There has been but little study of the process of decomposition of the other compounds in plants. Part, if not all, of the sulphur is known to appear as sulphate, and some of the phosphorus as phosphate. It is certain that the plant constituents decompose, for there is no sign of their accumulation in the soil. They may exert transitory effects, but there is nothing to show permanent continuance. The toxic conditions which cause trouble in working with pure cultures of organisms in specific cultures media do not, so far as is known, arise in the soil. All attempts to find bacterio-toxins or plant toxins in normal soils have failed. The product toxic to one organism seems to be a useful nutrient to another, and so the mixed population keeps the soil healthy for all its members.

There is little precise knowledge as to the part played by the different members of the soil population in bringing about these changes.

We know in a general way that earthworms effect the distribution of the plant residues in the soil, and serve to disintegrate them; there is no evidence, however, that they play any indispensable part in the decomposition. Many root and other fragments do not go through this process; observation shows that fungi can force a way in, and they may be followed by nematodes which continue the disintegration. Possibly some of the flagellates help, and certainly the bacteria do. After that nothing is certain. We cannot, with certainty, assign any particular reaction in the decomposition to any specific organism, with the exception of the oxidation of the phenolic substances, the conversion of ammonia to nitrite and nitrate, and the fixation of nitrogen. With these exceptions many organisms seem capable of bringing about the reactions, and indeed some of the reactions may be purely chemical and independent of biological agencies.

The relationships between the soil population and soil fertility are readily stated in general outline, but they are by no means clear cut when one comes to details; fertility is a complex property, and some of its factors are independent of soil micro-organisms.

The general relationship between plants and soil organisms is one of complete mutual interdependence. The growing plant fixes the sun’s energy and converts it into a form utilisable by the soil organisms; without the plant they could not exist. The plant is equally dependent on the soil organisms in at least two directions: their scavenging action removes the dead vegetation which would, if accumulated on the surface of the soil, effectively prevent most plants from growing. Further, the plant is dependent on the soil population for supplies of nitrates. Nothing is known about the relative efficiencies of the various soil organisms as scavengers. Numerous fungi and bacteria are effective producers of ammonia, the precursor of nitrates; it is not known, however, whether flagellates and such higher forms as nematodes act in this way.

This widespread power of producing ammonia makes it impossible in our present knowledge to regard any particular group of organisms as par excellence promoters of fertility. Indeed, it is safest not to attempt to do so. The primary purpose of the activities of a soil organism is to obtain energy and cell material for itself; any benefit to the plant is purely incidental. For cell material it must have nitrogen and phosphorus; here it competes with the plant. If it produces more ammonia than it utilises—in other words, if it is driven to nitrogen compounds for its energy, then the plant benefits. If, on the other hand, it absorbs more ammonia than it produces, as happens when it derives its energy from non-nitrogenous substances, the plant suffers. Thus, addition of peptone to the soil or an increase in bacterial numbers effected without addition of external energy (e.g. by partial sterilisation) leads to increased ammonia supply, and, therefore, to increased fertility. But addition of sugar to the soil causes so great an increase of numbers of bacteria and other organisms that considerable absorption of ammonia and nitrate occurs, and fertility is for a time depressed.

Both actions proceed in soils partially sterilised by organic substances, such as phenol, which are utilised by some of the soil organisms; there is first a great rise in numbers of these particular organisms with a depression of ammonia and nitrate, then a drop to the new level, higher than the old one, and an increased production of ammonia and nitrate resulting from the partial sterilisation effects.

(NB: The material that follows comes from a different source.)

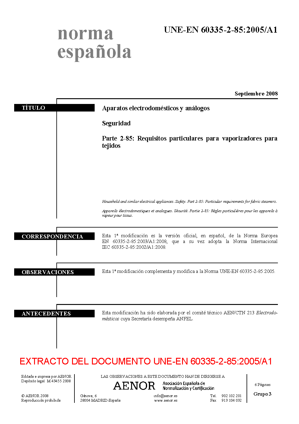 UNE-EN 60335-2-85:2005/A1:2008

We must then regard the soil population as concerned entirely to maintain itself, and only incidently benefiting the plant, sometimes, indeed, injuring it; always essential, yet always taking its toll, and sometimes a heavy toll, of the plant nutrients it produces.

This effect makes it difficult to deduce simple quantitative relationships between bacterial activity and soil fertility, and the difficulty is increased by the fact that bacteria and plants may both be injured or benefited by the same causes, so that high bacterial numbers in a fertile soil would not necessarily be the cause, but might be simply the result of fertility.

The circumstance that certain soil organisms—bacteria, algæ, and fungi—themselves assimilate ammonia and nitrate may account for the remarkable slowness of nitrate accumulation, to which reference has already been made. The protein formed from the assimilated nitrogen remains in the bodies of the organisms, living or dead, till decomposition sets in. It is not difficult to picture a cycle of events in which much of the nitrate formed is at once reabsorbed by other organisms, and only little is actually thrown off into the soil. Such a process might continue almost interminably so long as any carbonaceous material remained.